To find a sequence of rigid transformations that maps rectangle ABCD to rectangle A"B"C"D", we first need to identify what transformations are required. Rigid transformations include translations and reflections.
- If rectangle A B C D is reflected over the y-axis, the mapping can be expressed as \( (x, y) \to (-x, y) \).
- Next, if we need to move the new rectangle (after reflection) down by 4 units, this can be expressed as \( (x, y) \to (x, y - 4) \).
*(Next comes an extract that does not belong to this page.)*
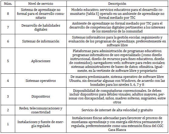 En la tabla 4 mostramos la aplicación del modelo conceptual de nodo digital para el desarrollo comunitario en el contexto del CGC Casa Blanca.
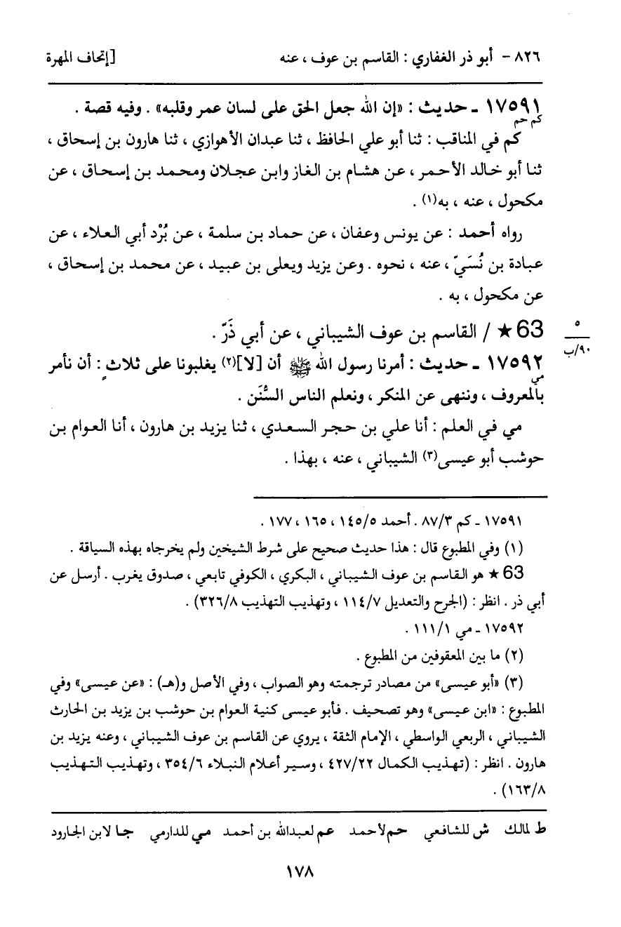 مي في العلم: أنا علي بن حجر السعدي، ثنا يزيد بن هارون، أنا العوام بن حوشب أبو عيسى الشيباني، عنه، بهذا.

The complete transformation sequence that maps ABCD to A"B"C"D" can be expressed as a composition of these transformations:
- Reflect over the y-axis: \( (x, y) \to (-x, y) \)
- Translate down by 4 units: \( (x, y) \to (x, y - 4) \)
In terms of composition, this can be written as:
- First reflect: \( (x, y) \to (-x, y) \)
- Then translate: \( (-x, y) \to (-x, y - 4) \)
Putting these operations together, the sequence of transformations is:
\[ (x, y) \to (-x, y) \to (-x, y - 4) \]
However, in terms of a single transformation:
The composition can be represented as: \[ (x, y) \to (-x, y - 4) \]
Therefore, the answer is: \( (x,y) \to (-x, y - 4) \)
So the final answer is: (x,y)→(−x,y−4).